Kate Moss and Freida Pinto turn out for Karl Lagerfeld’s Chanel show
The last day of Paris Fashion Week did not disappoint, with spectacular displays from Karl Lagerfeld for Chanel and the British designer Alexander McQueen. Swarms of paparazzi attended the Chanel show, and security guards had their work cut out protecting the A-list attendees, who included Kate Moss and boyfriend Jamie Hince, Slumdog Millionaire starlet Freida Pinto, Bond girl Olga Kurylenko, British pop queen Lily Allen and uber-photographer Mario Testino (pictured above with Hince, Moss and Claudi Schiffer).
After that hullabaloo came the clothes, which Lagerfeld claims were inspired by Beau Brummell, the Regency dandy and the man credited with inventing the man’s suit. Because the designs were for women, the line was dubbed 'Belle Brummell' - a range of jaunty creations embellished with lace, chiffon and cameo-broached collars and cuffs and complimented by flat-topped boater-style hats.
But the piece de resistance was a twist on Chanel’s legendary cardigan jacket which, according to the Daily Telegraph’s fashion writer Hilary Alexander, returned to what had first inspired it - "knitted in baby-pink wool, turned into a truncated bolero-style, accessorised with matching leg-warmers, armlets, oversized scarves and even the Chanel hat."
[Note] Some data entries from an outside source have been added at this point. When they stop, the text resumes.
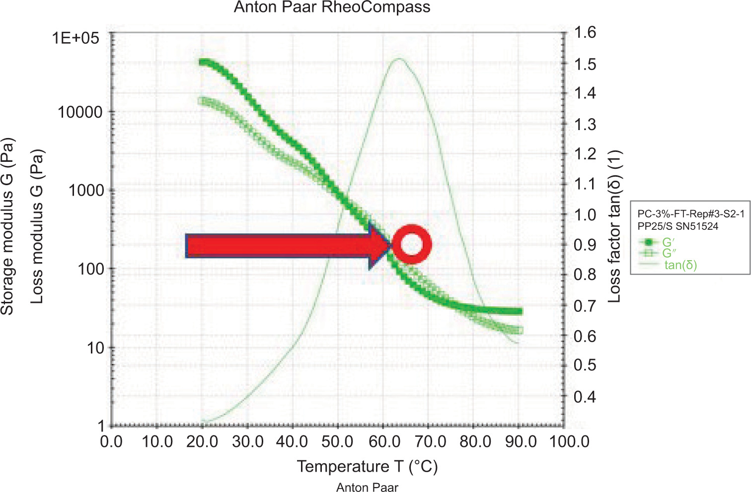 Figure 2. Measuring the melting point of the processed cheese using dynamic rheological analysis.
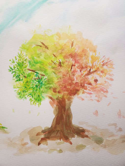 0 2 高校の時の描き途中だった木を仕上げた #絵 #水彩 #木 #スケッチブック 22/01/28 18:31
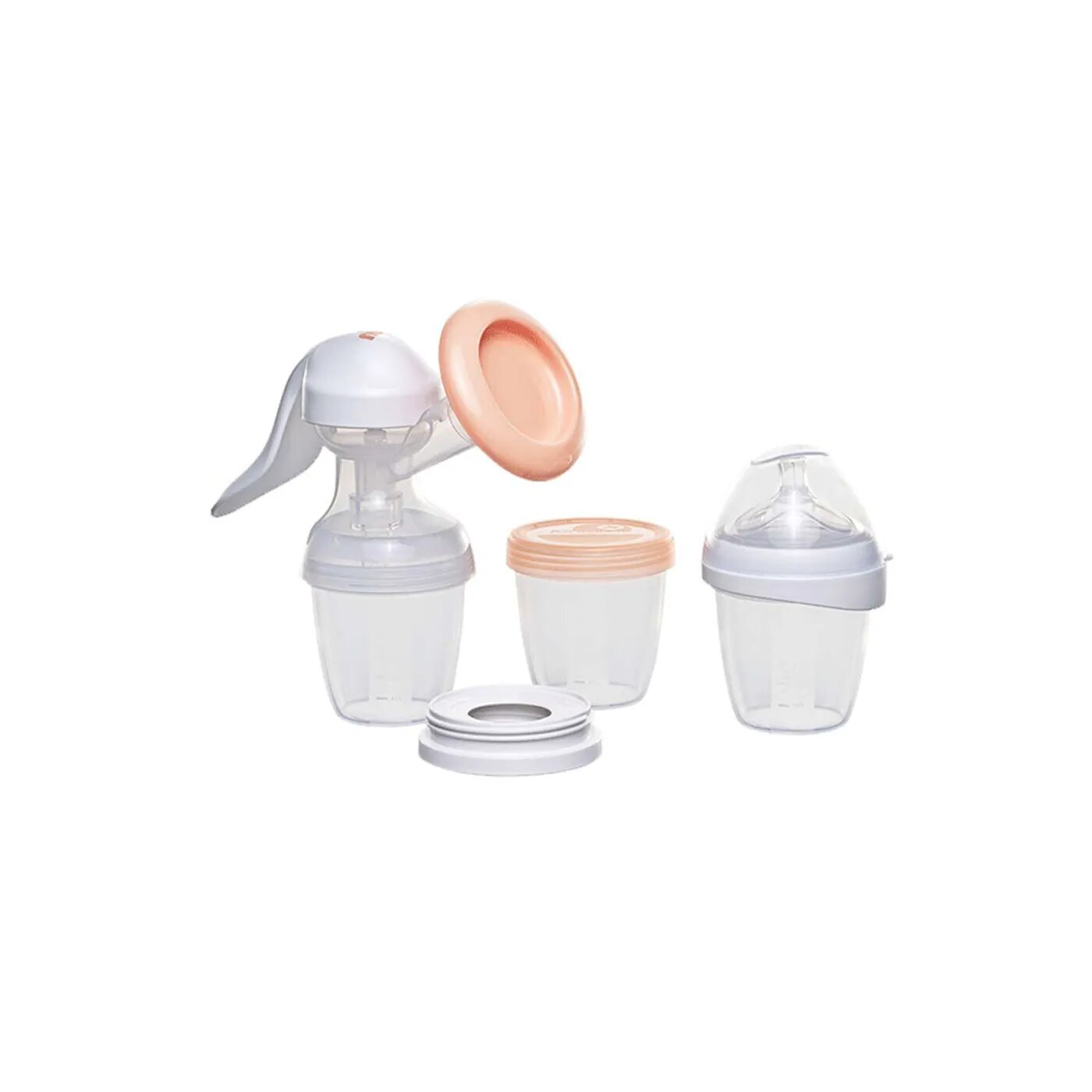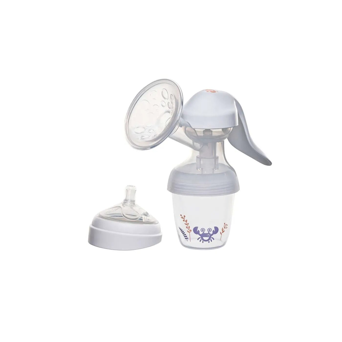 Работает без электричества. Совместим с элементами системы All In One: позволяет сцеживать молоко непосредственно в бутылочку и/или контейнер для грудного молока.
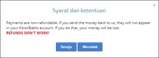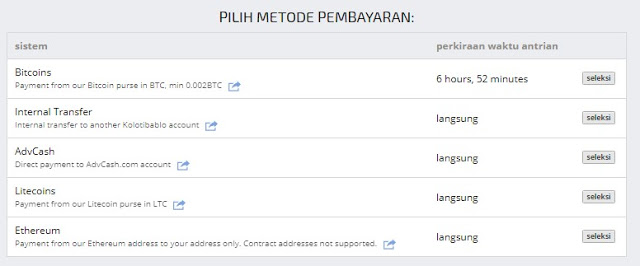 Metode pembayaran ini memudahkan untuk melakukan pengiriman saldo hasil input captcha kepada akun kolotibablo yang lain dengan minimum transaksi sebesar 0.5 USD dengan syarat akun yang akan dikirimi saldo itu juga memiliki saldo minimal 0.5 USD di walletnya.
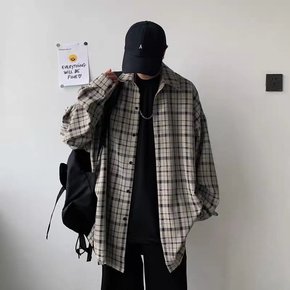 衬衫男士长袖韩版潮流宽松格子衬衣港风日系潮牌帅气休...
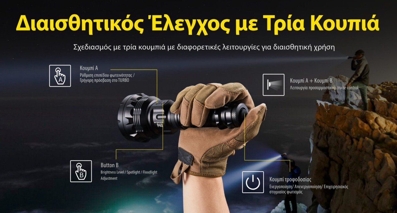Διαθέτει διαισθητικό έλεγχο με τρία κουμπιά, σχεδιασμένα για εύκολη χρήση. Κουμπί A για ρύθμιση επιπέδου φωτεινότητας και γρήγορη πρόσβαση στη λειτουργία Turbo. Κουμπί B για επιλογή επιπέδου φωτεινότητας, εστίαση σε spotlight ή ρύθμιση σε floodlight. Κουμπί A + B για ενεργοποίηση της λειτουργίας προσαρμοστικού cruise control. Κουμπί τροφοδοσίας για ενεργοποίηση, απενεργοποίηση και επιχειρησιακός στιγμιαίος φωτισμός.
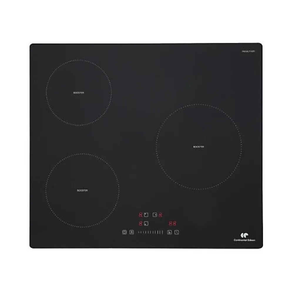Table de cuisson CONTINENTAL EDISON 3 foyers – 62000W – 3 boosters – 3 timers – noir 1 foyers 16cm – 1500W 1 foyer 18 cm – 2100W 1 foyers 21 cm – 2600W 9 niveau de puissance Fonction Boost Minuterie par foyers jusqu’a 99 minutes
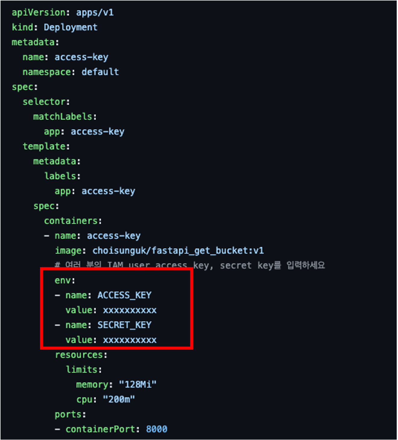쿠버네티스 관리자는 Access key, Secret key를 pod에 설정해야 합니다. 아래 예제는 환경변수를 사용하여 Access key, Secret key를 pod에 주입했습니다.
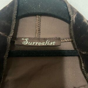 Surrealist EUC brown velvet open front cardigan with applique floral size 4
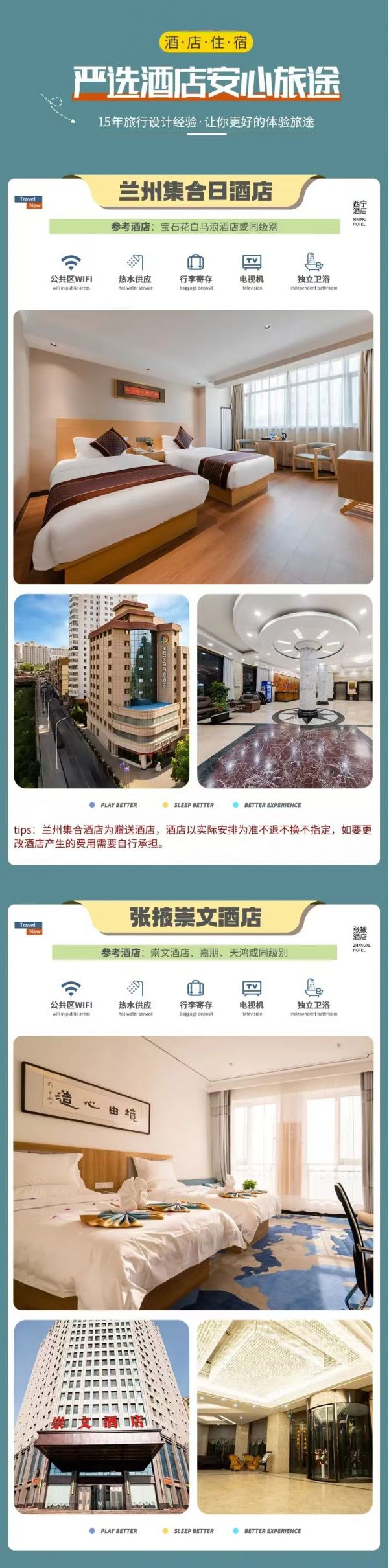 tips:蘭州集合酒店為贈送酒店,酒店以實際安排為準均不退不換不指定,如要更改酒店產生的費用需要自行承擔。
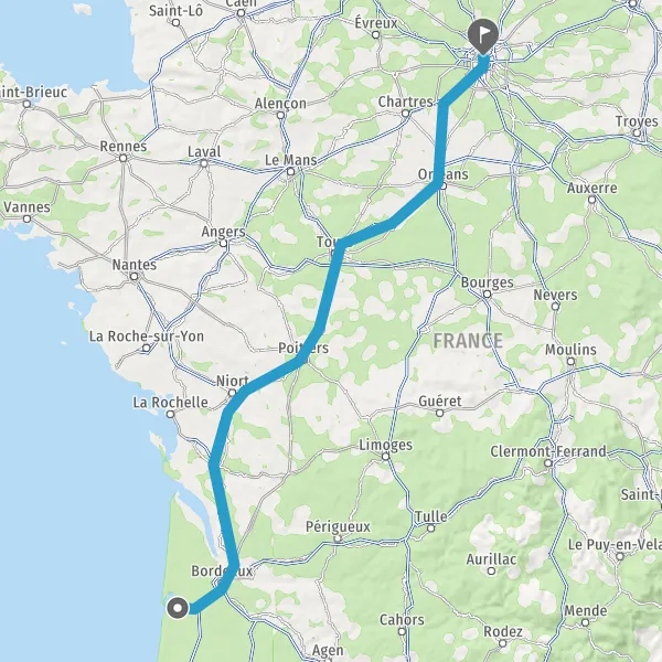 Trajet de Gujan-Mestras (33470) à Paris (75000) en voiture
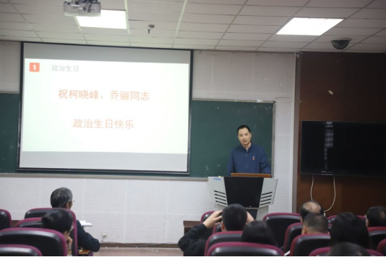 2021年10月15日下午,学院教工第一党支部、研究生第五党支部在25教14楼报告厅联合开展主题党日活动。学校党委副书记安春元、学院党委书记易遵尧出席,学院教工第一党支部、研究生第五党支部全体党员参加,教工第一党支部书记喻厚义主持本次党日活动。
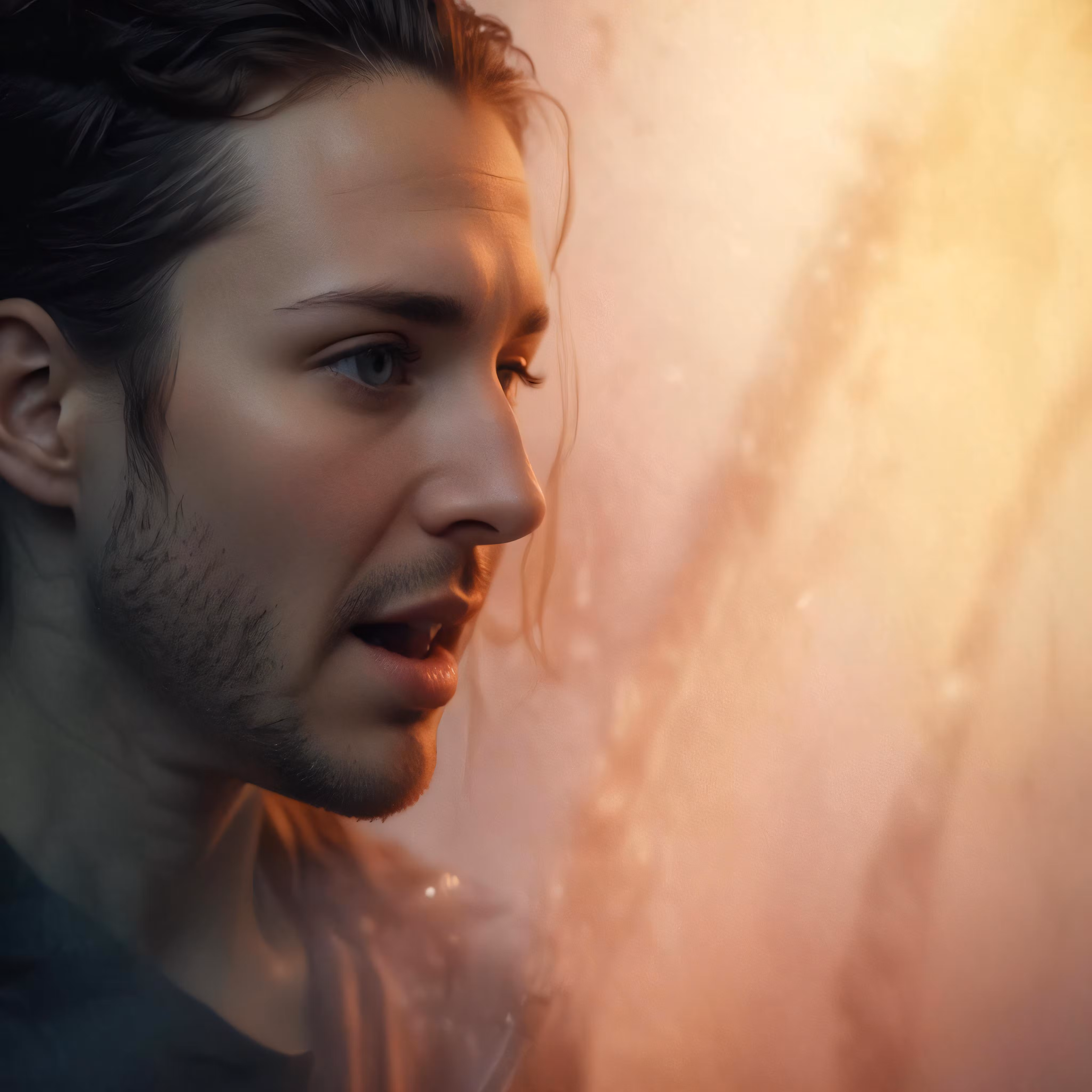 High resolution picture, free to use, the official logo for the 50 /a man with hair pulled back and looking to his right
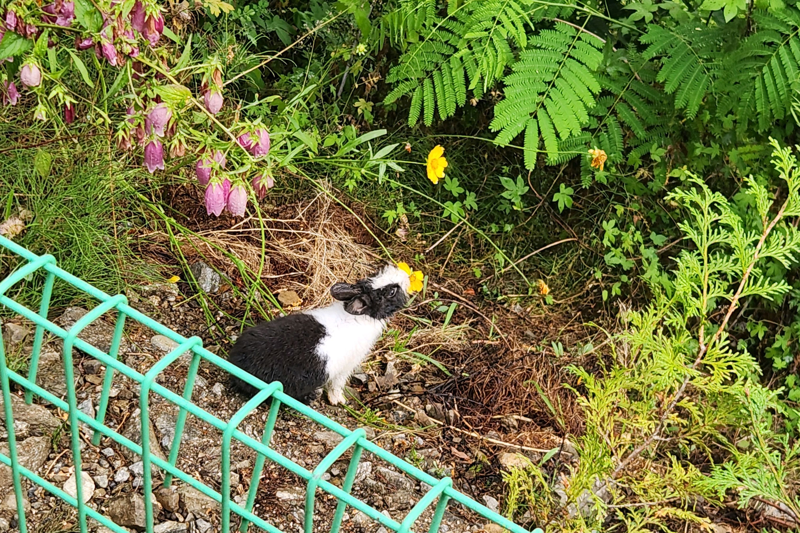 사이트 울타리밖으로 작은 토끼들이 뛰어다닙니다. 귀여워요~
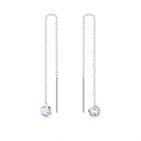 4mm Round Cubic Zirconia Silver Thread Through Earrings
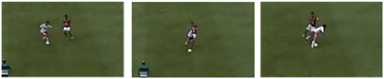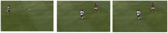 The exceptional performance of TAT-SARNet can be attributed to its ability to retain long-term action sequences (such as sustained buildup leading to a goal attempt) while, at the same time, recognizing short-term micro-actions (such as quick dribbling maneuvers). To prevent the model from overfitting on shorter sequences and enhance its generalizability to varying action durations, the CTC module ensures that frame-level predictions are averaged over time. Although MPT has excellent performance, TAT-SARNet surpasses it by maintaining greater consistency in long-term sequence prediction, as per the comparative analysis of rival models. Relative to other models, TAT-SARNet’s CTC module ensures a robust balance between long-term and short-term action dependencies to support more accuracy and recall. The model’s output represents the probability of an action occurring at a given timestamp, as shown in Figure 9. Figure 10 and Figure 11 show examples of true and false positive dribbling actions detected during the match between Team J (white shirt) and Team L (red shirt), occurring at 88 min and 12 s, and 74 min and 8 s, respectively.
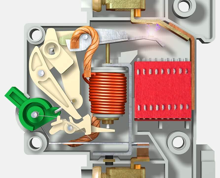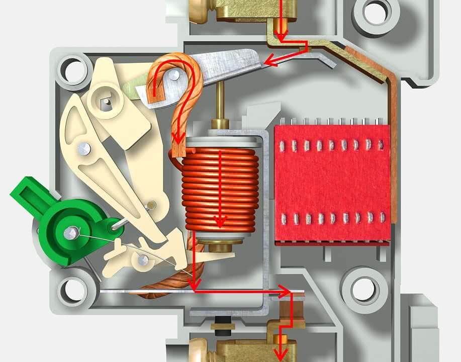 Электромагнитный расцепитель предназначен для защиты сети от короткого замыкания и по принципу работы отличается от теплового. Под действием сверхтоков КЗ в соленоиде возникает мощное магнитное поле. Оно сдвигает в сторону сердечник катушки, который размыкает силовые контакты защитного устройства, воздействуя на механизм расцепителя. Питание линии прекращается, благодаря чему исчезает опасность возгорания проводки, а также разрушения замкнувшей установки и автоматического выключателя.
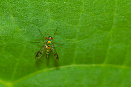 close up Dolichopodidae on green leaf
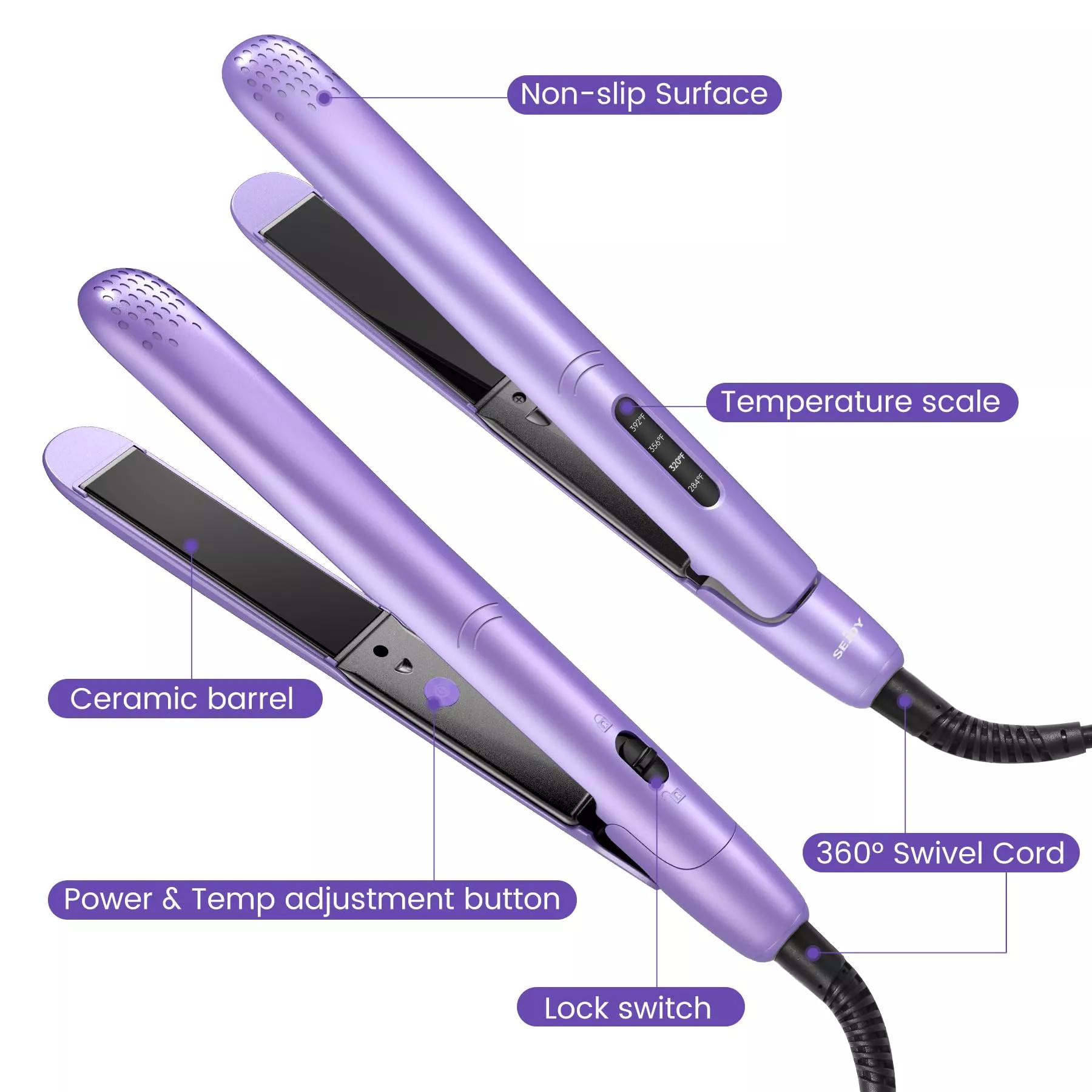 • Digital temperature control for precise styling

While this was great stuff, many thought it was eclipsed by Alexander McQueen’s collection, which attracted hoops and whistles of approval from the assembled fashionistas. Working with a palette of graphic black, red and white, McQueen took staples like the skirt suit and the strapless cocktail dress and added his trademark risque twist - one gown was made entirely from black feathers, with its sculpted bouffant sleeves suggesting a swan hurtling into flight.
At one point a heap of rubbish was dumped on the catwalk and models, their faces covered in white and their mouths an oversized smear of red lipstick, a la Heath Ledger in the last Batman movie, picked their way around it like slum-dwelling scavengers searching for food. A nod, perhaps, to the recession.